Kohl hilft die neue Spendensammlung wenig. Sie verbessert seinen Ruf kaum. Tatsächlich hat sich der Machtmensch Kohl nicht geändert. Sein Bundestagsmandat wolle er behalten, sagt er auf der Pressekonferenz, weil er ohne es hilflos sei. Als hätten ihn die Bürger einst gewählt, damit ihm Immunität zuteil werde. Doch das ist nicht die einzige Funktion seines Mandates. Kohl möchte auf das Mandat wohl auch deshalb nicht verzichten, weil er bei seinen gelegentlichen Besuchen im Parlament seine Parteifreunde erschrecken kann, die ihn als Furie der Vergangenheit noch fürchten lernten.
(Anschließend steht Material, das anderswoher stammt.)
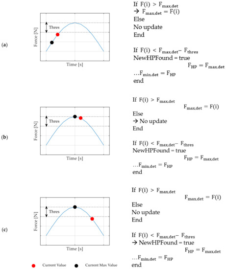 An update happens if the current value is larger than the previously stored value, otherwise the update is suspended (see Figure 5b). Since the force measurement is accompanied with measurement noise from the load cell, a threshold value is defined, which allows a distinction between the discovery of a new high point and noise-induced force reductions. As soon as the measured force value drops below a threshold, represented as the value which is lower than the currently stored maximum, a high point detection is triggered to update the currently reached force amplitude , as displayed in Figure 5c. Furthermore, the currently detected minimum value is initialized with the high point value. Then, the search for a low point is performed identically.
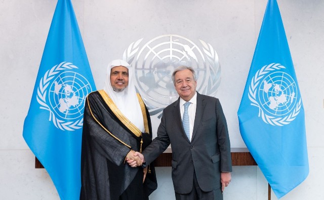 وذكر الدكتور العيسى تأكيد الأمين العام للأمم المتحدة دعمه الكامل لعمل الرابطة، ولا سيما في تعزيز قيم الاعتدال حول العالم، وأن المنظمة الدولية تعمل على محاربة الإسلاموفوبيا وكراهية الآخر، وأن الأمين العام للأمم المتحدة أكد أن “هناك صورة غير حقيقية ضد الإسلام، وأن مواقع التواصل الاجتماعي زادت من الكراهية بسبب نشر الكثير من الأكاذيب على حساب المعلومات الصحيحة”، وقال غوتيرش إن للقيادات الدينية دوراً كبيراً في دعم السلام والوئام، مؤكداً أن الأديان ليست سبب الحروب في العالم، بل هي ما يجمع الناس، لافتاً إلى أن الحضارات منها ما بقي ومنها ما هو قد ذهب، ولكن الرؤية الواضحة التي يجب العمل عليها هي جمع الناس لعمل بعضهم مع بعض ومقاومة الجهود التي لا تريد ذلك.
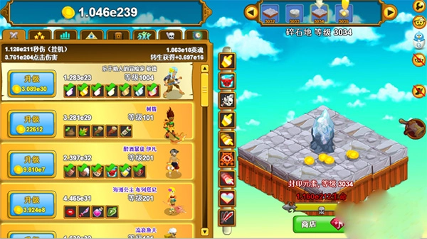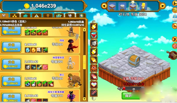 3、使用金子招募新英雄,以此提升伤害输出。输出的伤害越高,所能获取的金子数量也就越多。
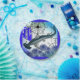 Ce collage nautique présente un requin marteau, des anémones de mer et une boussole sur un arrière - plan bleu marine. Designs Lark

Auch seine Ankündigung, er wolle seine Memoiren schreiben, gehört zum seelischen Folterbesteck, das der ehemalige Ehrenvorsitzende seiner Partei an diesem denkwürdigen Donnerstag vorführte. Es steht zu vermuten, dass die Drohung mit den Memoiren auch beim Eintreiben der Spenden erfolgreich war.